Entity Extraction
Entity extraction, also known as Natural Language Processing, is the process of automatic analysis of large volumes of unstructured or semi-structured data to detect entities, their descriptions, relationships and events. The result is a semi-structured relational index, aka triples, used in populating the RDF database that drives visualization, relationship analysis tools and semantic applications.
Innovative Query allows input from a variety of source types including all popular document types, web sites, RSS, blogs, e-mail, translated text (FBIS), technical documents, and transcribed audio. Our system will provide crawlers and connectors to make the input of data stores as easy as possible.
Events & Facts
IQeXplore make extensive use of relationships between entities. These facts and events allow making queries such as “All quotations from people who work for Google” in a news stream possible. This also provides unique methods for data navigation based on inferred relationships.
Parsing Entities with Meaning and Relationships
Entity extraction goes beyond shallow parsing and tagging of text to work out logical relations between sentence components. Regardless of the initial composition each semantically valuable phrase is translated into grammar structure. When performing event or relationship searches this arrangement is vital to finding the correct links between elements.
NLP Independence
Innovative Query is NLP Independent, meaning our platform will work with a variety of entity extraction vendors. This is purposely done so we can focus on semantic applications, visualization tools, and search analytics. In addition, this allows us to “plug and play” with the best statistical, lexical and grammatical methods available or a combination thereof to be optimized for a particular type of data. This ensures you can always leverage the best and most appropriate technology for your needs.
Disambiguation
Extracting the meaning from text is especially difficult when one word has many senses or definitions. For example there is a storage tank, water tank, gas tank, and M-1 tank. Or, such as river or financial bank, to run a mile or run a company. Through domain-specific machine learning and application of a domain specific ontology, we provide you the ability to make a decision about which is the most likely sense of a word in context.
Automatic or Custom Ontology (Lexicon or Taxonomy)
Out of the box IQI provided the ability to extract 30 categories of entities (people, company, technology, etc) and over 50 categories of event and facts (Person’s Title, Person’s Educations, Person’s Company, Company Product, Business Relationship, etc.). This provided the information analysis needed for most applications and many industries. However, if domain specific analysis is need we can provide the tools and expertise you need.

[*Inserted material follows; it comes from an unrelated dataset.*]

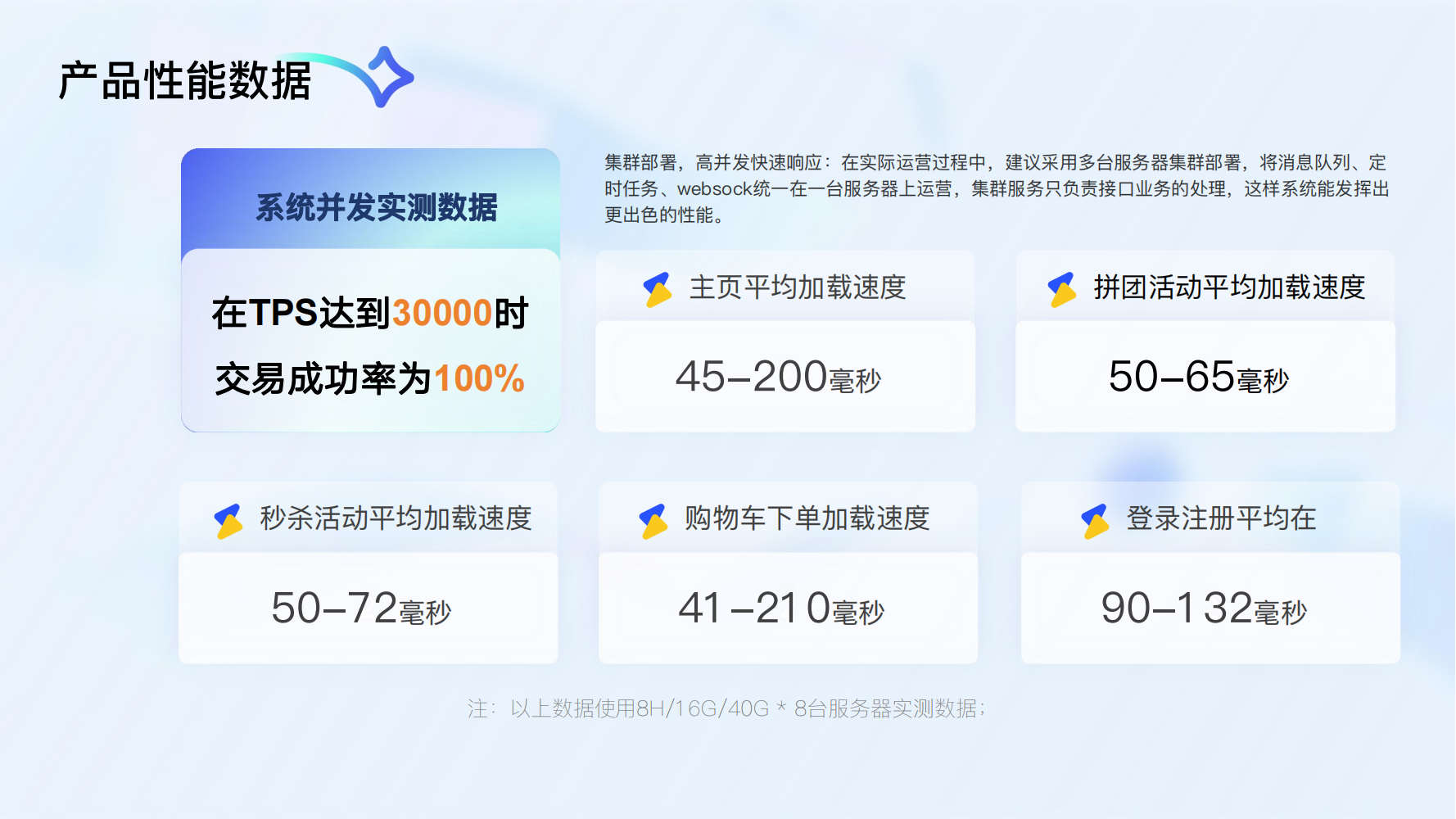 系統(tǒng)采用TP6+Swoole4高性能框架開發(fā),支持數(shù)據(jù)庫獨立部署、服務(wù)器集群;數(shù)據(jù)采用redis緩存、隊列、數(shù)據(jù)庫連接池等技術(shù),提升系統(tǒng)整體性能,為品牌商家長效增長保駕護航;

The performance of a system can vary widely according to the information type processed. New knowledge acquisition relies heavily on pattern-based rules and lexical forms. In recognition of this fact, we provide a breadth of customization and tuning options to optimize your results. With our partners, there are a few approaches for building a custom ontology to optimize your entity extraction process.
For automatic ontology development, we start by using a set of sample documents specific to the content of a domain. Using a grammatical processing method will result in a new set of terms that forms a lexicon that can subsequently be fed back into the entity extraction process for the new domain.
Alternatively, customizing ontology grammars directly is the method by which users can define new entity types, specify new events and relationships or perform advanced entity tagging for a domain. Grammar writing is aided by a development environment, designed specifically for this purpose.
Using either method will produce better results for domain specific applications and will involve some professional services and/or professional linguist support.